Dias has received several honors and awards including the Anita Borg Early Career Award and the Louis Braille Touch of Genius prize for innovation. She actively encourages women in science and technology, and was also a founding member of, and graduate faculty advisor to the women@SCS group at Carnegie Mellon University. She earned her B.A. from Hamilton College, Clinton NY, with a dual concentration in Physics and Computer Science and a minor in Women’s Studies in 1998, followed by a M.S. (2000) and Ph.D. (2004) in Robotics from Carnegie Mellon University.

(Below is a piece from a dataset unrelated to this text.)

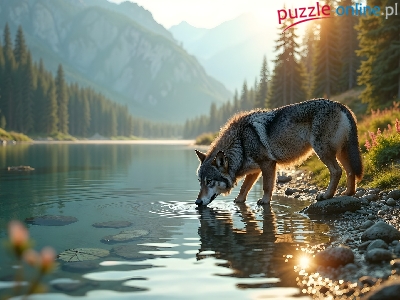 Puzzle Las, Wilk, Rzeka, Góry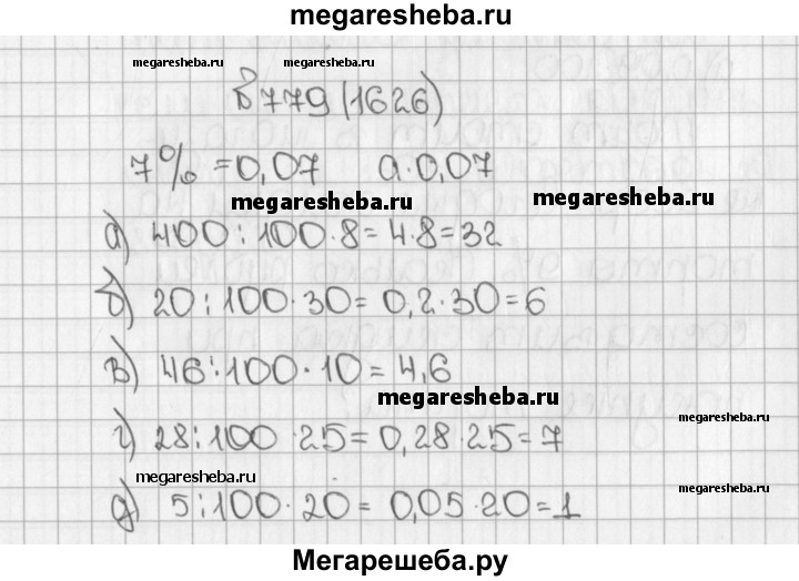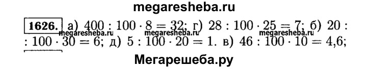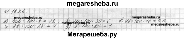 1626. Расскажите, как найти 7% числа а. Найдите: а) 8% от 400; г) 25% от 28; б) 30% от 20; д) 20% от 5. в) 10% от 46;

Title: Robot Technology and the Future

Abstract: World wide, various types of intelligent service robots are being developed and integrated into human environments. In addition, many people expect these robots will be living together with mankind at work or home in the foreseeable future. Nevertheless, many people have a pessimistic point of view that the ultimate form of robot would be impossible to realize technologically. And the technology level required to accomplish a task given by the user is very different according to the application requirement. Some simple task may be achieved by simple robotic technology but some others are may not. This means that commercial realization of service robotics strongly depends on the gap between market requirement and the technology level available. This talk will also mention the history of robot development and application of robotics in the various fields

Biography: Prof. Jun Ho Oh received his B.S. and M.S. degree from Yonsei University, Seoul, Korea in 1977 and 1979, and a Ph.D. degree in mechanical engineering in the field of automatic control at U.C. Berkeley in 1985. He is now a distinguished professor of mechanical engineering and the director of Humanoid robot research center (Hubo Lab) at Korea Advanced Institute of Science and Technology (KAIST). He has performed many industry and government research projects in motion control, sensors, microprocessor applications, and robotics. He is especially interested in mechatronics and system integration. In the last ten years, he completed unique humanoid robot series KHR-1, KHR-2, Hubo, Hubo 2, DRC- Hubo and DRC-Hubo+ and developed Albert Hubo and Hubo FX-1. He is currently working on improving the performance of humanoid robots for faster and more stable walking, robust robot system integration and lightweight design.